| What to do |
Please transcribe the listing below in full and word for word, without its pictures.

| Collected data |

────

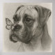 Capture um momento encantador com este Cachorro Boxer com Borboleta - poster do Encontro Gentil. Um traçado de lápis encantador perfeito para amantes de cães e fãs de arte da natureza
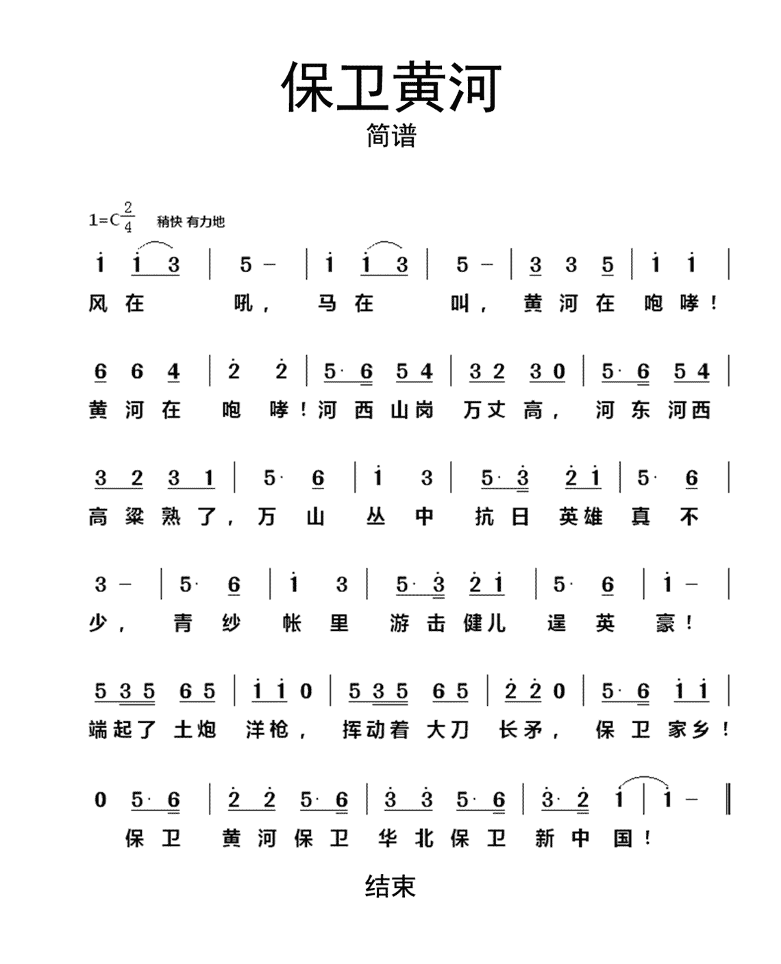 保卫黄河歌曲类简谱
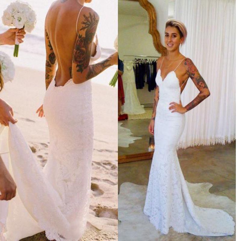 Sexy Backless Wedding Dresses Lace Applique Thin Shoulder Strap Thin Strap Backless Wedding Dresses
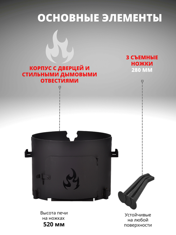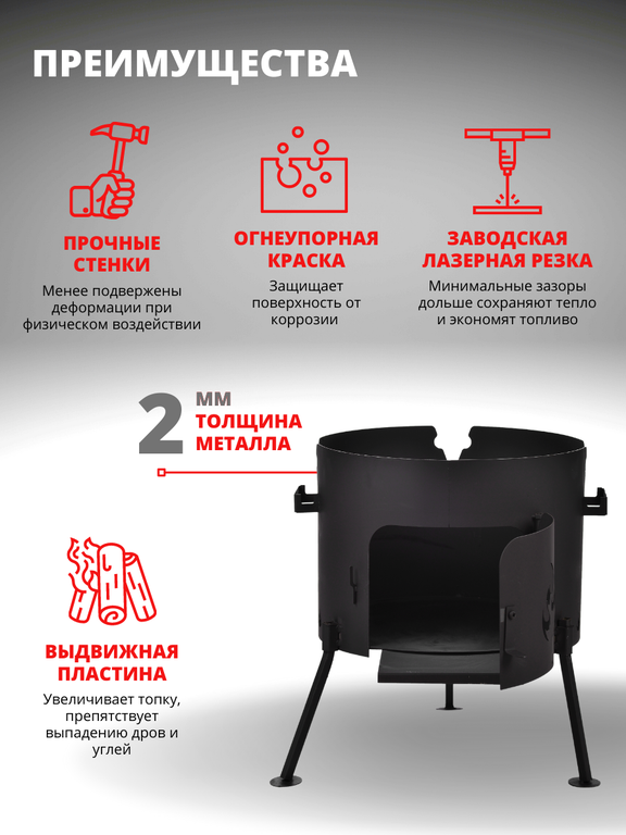 Печь под казан 320мм (под казан 6-8л) сталь 2мм с дверцей без трубы

────

| Task output |
 Capture um momento encantador com este Cachorro Boxer com Borboleta - poster do Encontro Gentil. Um traçado de lápis encantador perfeito para amantes de cães e fãs de arte da natureza
 保卫黄河歌曲类简谱
 Sexy Backless Wedding Dresses Lace Applique Thin Shoulder Strap Thin Strap Backless Wedding Dresses
 Печь под казан 320мм (под казан 6-8л) сталь 2мм с дверцей без трубы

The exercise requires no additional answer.